### Exercise directions
Copy out the whole listing exactly as given. Skip the pictures.

### Information provided
..............................

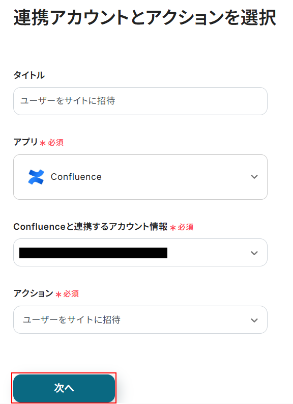 タイトルは任意のものに設定可能ですが、変更がなければそのままでも問題ありません。 Confluenceと連携するアカウント情報には、ステップ1で連携したアカウントが表示されています。 アカウントを確認し問題なければ「次へ」をクリックしてください。
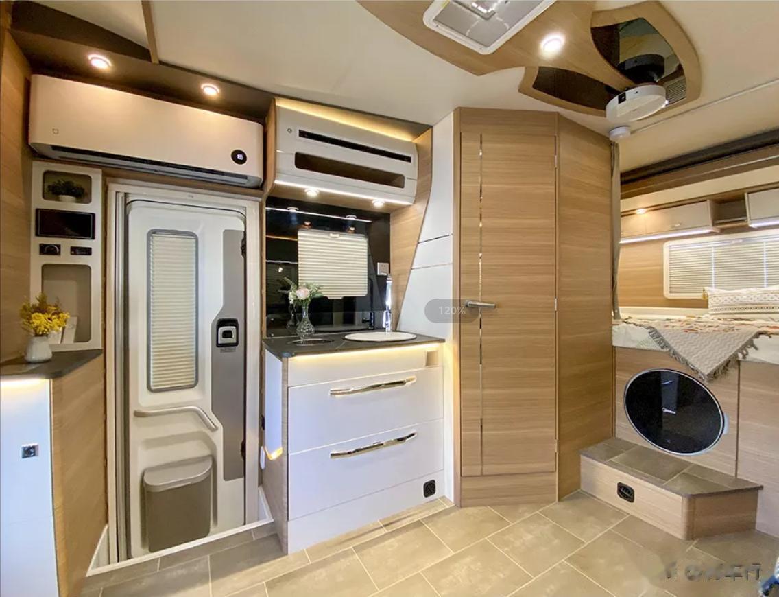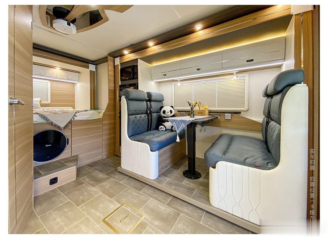 大驰蛮牛双拓版,一款不到40万的C型房车!动力充沛耗油低,6座4卧,设施还挺齐全。搭载2.8T康明斯柴油发动机6AT变速箱,驾驶平顺、舒适。户外的双孔灶台满足两人同时做饭的需求,车内还有电磁炉,微波炉,冰箱等设施,丰富厨房功能。额头双人额头床,加尾部双人横床,会客区4人卡座也能拼床,会客区和尾部的拓展舱全部外拓出去,室内空间宽敞明亮。卫生间采用折叠式台盆,旋转马桶,梳妆镜后还隐藏这储物柜台,洗衣机被安置在尾床下边,整个空间布局非常合理。是非常适合年轻人出门旅行的一款房车。
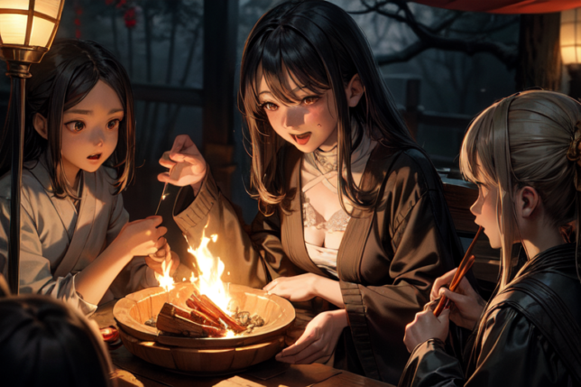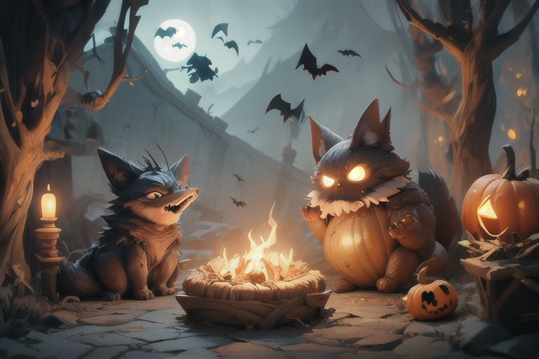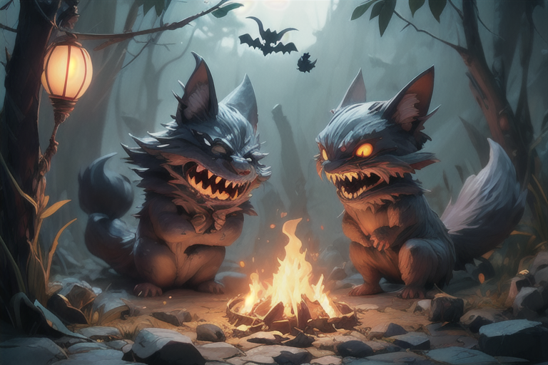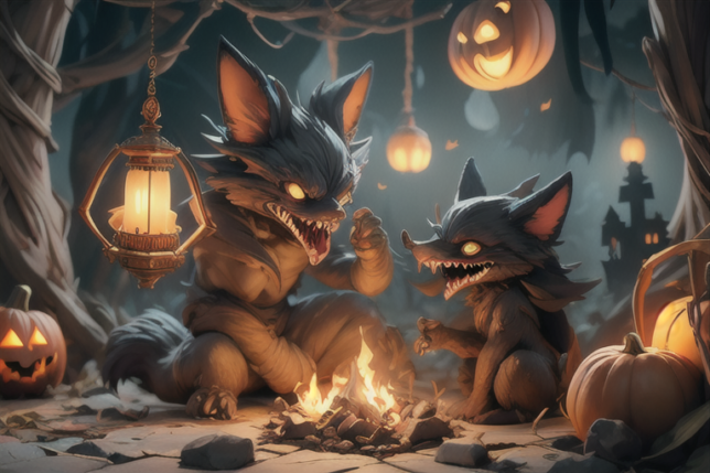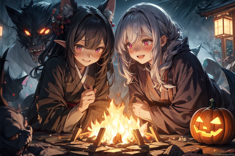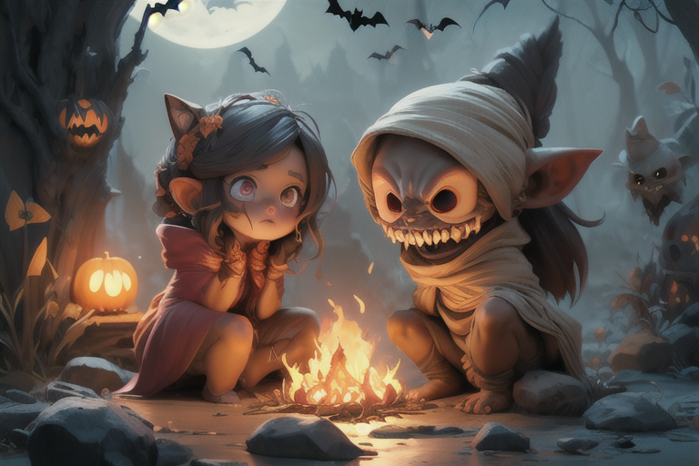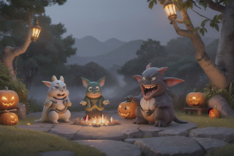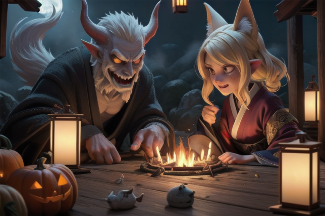 As Halloween night deepened, the spirits and monsters found themselves in a sacred bamboo grove, illuminated by the soft glow of lanterns. Around a mystical bonfire, they shared stories of their worlds, their struggles, and dreams. It was in this vulnerable exchange that they realized how similar they were, despite their apparent differences.
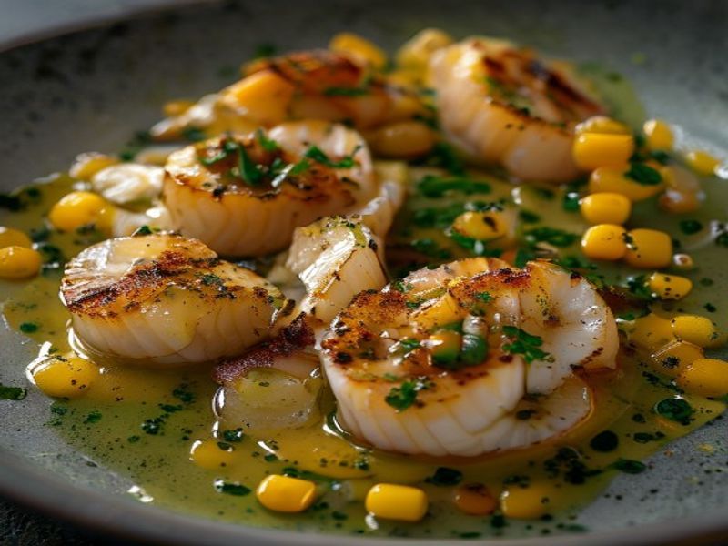 A sophisticated fusion of coastal Mexican flavors featuring butter-basted scallops over a vibrant toasted pumpkin seed mole and a velvety smoked corn purée.

..............................

### Completed task
 タイトルは任意のものに設定可能ですが、変更がなければそのままでも問題ありません。 Confluenceと連携するアカウント情報には、ステップ1で連携したアカウントが表示されています。 アカウントを確認し問題なければ「次へ」をクリックしてください。
 大驰蛮牛双拓版,一款不到40万的C型房车!动力充沛耗油低,6座4卧,设施还挺齐全。搭载2.8T康明斯柴油发动机6AT变速箱,驾驶平顺、舒适。户外的双孔灶台满足两人同时做饭的需求,车内还有电磁炉,微波炉,冰箱等设施,丰富厨房功能。额头双人额头床,加尾部双人横床,会客区4人卡座也能拼床,会客区和尾部的拓展舱全部外拓出去,室内空间宽敞明亮。卫生间采用折叠式台盆,旋转马桶,梳妆镜后还隐藏这储物柜台,洗衣机被安置在尾床下边,整个空间布局非常合理。是非常适合年轻人出门旅行的一款房车。
 As Halloween night deepened, the spirits and monsters found themselves in a sacred bamboo grove, illuminated by the soft glow of lanterns. Around a mystical bonfire, they shared stories of their worlds, their struggles, and dreams. It was in this vulnerable exchange that they realized how similar they were, despite their apparent differences.
 A sophisticated fusion of coastal Mexican flavors featuring butter-basted scallops over a vibrant toasted pumpkin seed mole and a velvety smoked corn purée.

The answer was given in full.